ADHD: Truly a deficit?

After Familias Leonas TDAH‘s last meeting in Mar del Plata and the repercusion of my blog post about my diagnosis, I’ve been talking to quite a few families about it; specially mothers and grandmothers of ADHD kids, but also other people who don’t have the disorder and wanted to know and understand a little bit more about it.

And there was a particular topic that I would like to address, and it has to do with the concept of DEFICIT within the ADHD label; stemming primarily from the name: Attention deficit hyperactivity disorder.

And this is where we run into the first difficulty in explaining the disorder: the deficit part. What do I mean? Because it is quite easy to misunderstand what it means (or implies) to say “attention deficit“.

I am one of those ADHD adults who experience/suffer from/are privileged with hyperfocus. In my experience with other ADHD adults, either it doesn’t happen to all of us, or not everyone realizes it does. On the other hand, hyperfocus somewhat defeats the purpose of explaining ADHD as an “attention deficit“.

Because (and I’m gonna quote a comment I received thousands of times):

How could a person with an attention deficit focus so much?
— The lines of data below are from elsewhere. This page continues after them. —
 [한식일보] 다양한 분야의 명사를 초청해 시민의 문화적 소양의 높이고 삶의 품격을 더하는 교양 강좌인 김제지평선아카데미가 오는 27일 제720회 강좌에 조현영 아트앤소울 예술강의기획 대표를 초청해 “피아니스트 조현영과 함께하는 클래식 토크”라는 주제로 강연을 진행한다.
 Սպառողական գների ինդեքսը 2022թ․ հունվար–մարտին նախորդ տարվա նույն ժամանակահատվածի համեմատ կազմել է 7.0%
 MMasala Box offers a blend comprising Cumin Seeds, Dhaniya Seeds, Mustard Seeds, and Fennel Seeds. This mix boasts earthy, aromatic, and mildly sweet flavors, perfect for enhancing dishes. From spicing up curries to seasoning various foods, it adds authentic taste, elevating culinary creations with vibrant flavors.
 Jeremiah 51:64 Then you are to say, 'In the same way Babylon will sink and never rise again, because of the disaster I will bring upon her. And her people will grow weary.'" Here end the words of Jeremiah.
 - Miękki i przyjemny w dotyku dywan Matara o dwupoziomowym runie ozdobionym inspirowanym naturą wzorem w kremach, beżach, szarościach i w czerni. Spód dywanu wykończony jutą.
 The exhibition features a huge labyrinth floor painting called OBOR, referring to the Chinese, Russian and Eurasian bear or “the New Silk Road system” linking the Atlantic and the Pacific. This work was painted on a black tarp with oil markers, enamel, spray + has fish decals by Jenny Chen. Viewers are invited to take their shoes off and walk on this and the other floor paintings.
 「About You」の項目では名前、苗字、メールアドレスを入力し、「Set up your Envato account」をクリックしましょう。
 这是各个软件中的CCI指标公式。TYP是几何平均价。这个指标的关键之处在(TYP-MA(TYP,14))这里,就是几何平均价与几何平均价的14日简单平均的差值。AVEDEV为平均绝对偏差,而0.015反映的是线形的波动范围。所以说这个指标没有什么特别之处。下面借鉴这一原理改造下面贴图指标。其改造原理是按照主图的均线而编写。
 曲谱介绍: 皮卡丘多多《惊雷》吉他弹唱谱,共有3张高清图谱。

I thought you couldn’t focus at all.

I think the problem lies in the concept of “DEFICIT“. I think it would be useful, as an explanatory tool for people to understand a little more about the disorder and how it affects us, if we changed the D for “deficit” to the D for “dysregulation“: attention dysregulation and hyperactivity disorder.

Let’s be clear, I’m not vouching for a name change. This is just an exercise; a tool to explain everyone else what is happening inside our brain, so they can understand it better.

Labeling it “attention deficit” implies that our attention diminishes. It is true, we do find it hard to concentrate; it is hard for us to focus on something. But not because we can’t pay attention, but because we can’t regulate where our attention goes. For must of us, we may not be able to concentrate in class, at work, or whatever, but if we find something that interests us, we get flabbergasted by it and time flies by. Literally.

That is our problem. We cannot regulate what to focus on: because either we cannot focus at all, or we focus SO MUCH, SO INTENSELY on something that everything else simply ceases to exist. People have seen me work, spend 10 hours engrossed in a project, forgetting to eat, answer the phone, get up to stretch my legs, or even listen to another person even if they are right next to me. And then they ask me: “Weren’t you supposed to have attention deficit?

Well, yeah. I mean, sometimes it’s a deficit and sometimes it’s not. My problem isn’t NOT BEING ABLE to focus; well, yeah, sometimes it is. But sometimes I focus so strongly on something I cannot escape its grasp.

When channeled into something productive, my ADHD is a SUPERPOWER.

When I hyperfocus on something useless…. well, it’s not.

Quick example: last week, my brain hyperfocused on a missplaced eyelash for an entire conversation. Everything else ceased to exist. I found out, much later, the conversation lasted at least half an hour. I have absolutely no recollection of that conversation, but the kicker is I kept talking like nothing. For half an hour. Clearly, my brain was fully on automatic.

In summary, as a didactic tool for outsiders, we could explain the D in ADHD as not necessarily an attention Deficit (meaning a lack of it); but instead as a dysregulation of our ability to focus.